Date of Award

5-2-2022

Degree Type

Dissertation

Degree Name

Doctor of Philosophy (PhD)

Department

Political Science

First Advisor

Sean Richey

Second Advisor

Toby Bolsen

Third Advisor

Judd Thornton

Abstract

This dissertation seeks to understand the causes of racial liberalism among white Americans, including overtime shifts therein. Drawing on intergroup emotions theory from social psychology, I propose that negative ingroup-focused moral emotions—namely white shame and guilt—are important factors in the formation of racially liberal attitudes, such as white support for race-based affirmative action and government assistance. I further argue that not all whites are equally susceptible to such emotions; that those inclined towards structural attributions for inequality (e.g. white liberals) are more likely to experience them; and that the racial attitudes of such whites are thus more elastic than those of others. Finally, I contend that the salience of these emotions varies as a function of the availability of racial equalitarian media messaging that speaks to black-white status differences in terms of past and/or present white racism. Using cross-sectional, time series, panel, and experimental data, I test these propositions across multiple empirical chapters.
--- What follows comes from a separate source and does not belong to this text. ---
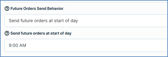 If you select Send future orders at start of day, the POS will hold each future order it receives until the date of its prep time, then it will send all future orders for the current day to the kitchen printers at the start of that business day. When you select this option, the program displays the Send future orders at start of day box, enabling you to enter the time of the location’s start of day. For instance, if you enter “9:00 AM” in this box, the POS will send all held future orders for the current to the kitchen printers at 9:00 AM.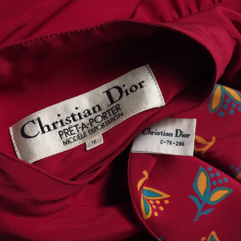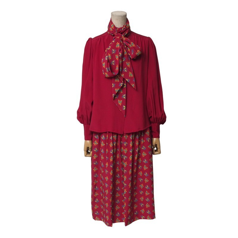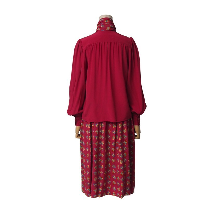 | GS5640★VINTAGE Christian Dior クリスチャンディオール ボウタイ付き ブラウス フレアスカート セットアップ レッド サイズ7 | |||

I find general support for the theory across multiple methodologies. In the main, the findings suggest that, net of other attitudinally important variables (e.g. racial resentment, social dominance orientation), white racial attitudes would be far more conservative in the absence of collective shame and guilt; that overtime increases in white racial liberalism temporally follow increases in the availability of racial equalitarian media messaging, particularly among white liberals and Democrats; and that racial equalitarian media messaging elicits white shame and guilt, which, in turn, increase the expression of racially liberal attitudes and policy preferences. Taken as a whole, the findings have important implications for the existing literature on white racial attitudes, which remains overwhelmingly focused on negative or prejudicial intergroup orientations.